The panel was moderated by Dr. Elvin Yüzügüllü, author of Synergies for Sustainable Energy, and included an outstanding group that brought together international, national, local perspectives to a subject that, as they acknowledged, is very complex:
- Marc Elsberg, Vienna-based author of the techno-cyber thriller Blackout
- Scott Aaronson, Security Executive at the Edison Electric Institute
- Paul J. Feldman, a board member at AMP Electric, Opus One, and EnergySec
- John Morrill, Arlington County Energy Manager
Vulnerability of energy infrastructure
What first brought Finnell to this topic was aftermath of the 2012 Derecho storm, which caused a serious power outage in the Washington, DC region. In his remarks, Dorsey said that around three quarters of households lost power, some of them for as long as five days. In the sixth largest metro area in the U.S., that can amount to a huge loss of productivity, in addition to serious risks to health, safety, and welfare.
This event hatched around a serendipitous connection. Dr. Yüzügüllü found out that Elsberg was traveling to the U.S. for a book tour to promote Blackout and thought he might be a good speaker. Then by sheer coincidence, in May 2017 there was the ransomware cyberattack that affected users all over the globe, as Finnell mentioned in her remarks.
The bestselling fictional novel by Elsberg covers the aftermath of a massive, Europe-wide blackout. The repercussions that unfold in the narrative may seem extreme, but as Elsberg pointed out, if you don’t think a catastrophic event can happen, think again.
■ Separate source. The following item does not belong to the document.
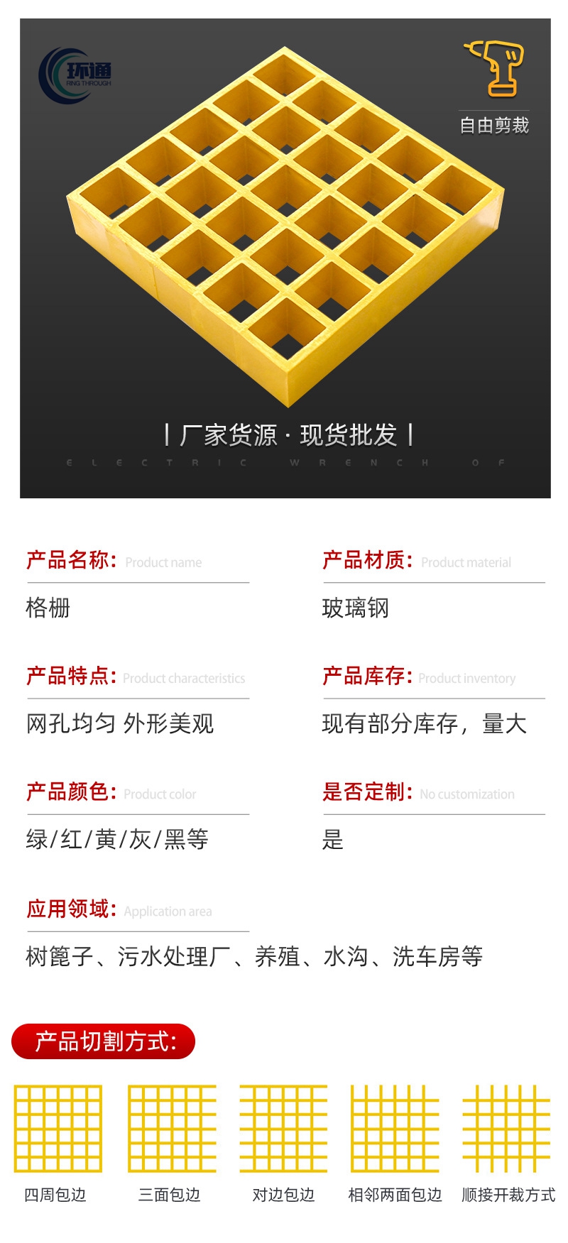 山東環通復合材料有限公司是從事玻璃鋼格柵的生產廠家,公司位于山東濰坊安丘市,產品分為格柵和格柵蓋板,玻璃鋼格柵主要分為25*25,38*38,42*42。顏色分為:綠色,紅色,灰色,黃色,藍色等。公司生產玻璃鋼產品為:公司生產玻璃鋼產品為:玻璃鋼儲罐,玻璃鋼管道,玻璃鋼夾砂管,玻璃鋼防腐,玻璃鋼冷卻塔,玻璃鋼化糞池,玻璃鋼保溫罩等。

He referred to an incident in Europe in November 2006, in which a fault in transmission destabilized the grid and led to a blackout that affected millions of people. Within seconds, a single event like that could happen. See the final report on that incident from the German Bundesnetzagentur (Federal Network Agency for Electricity, Gas, Telecommunications, Post and Railway).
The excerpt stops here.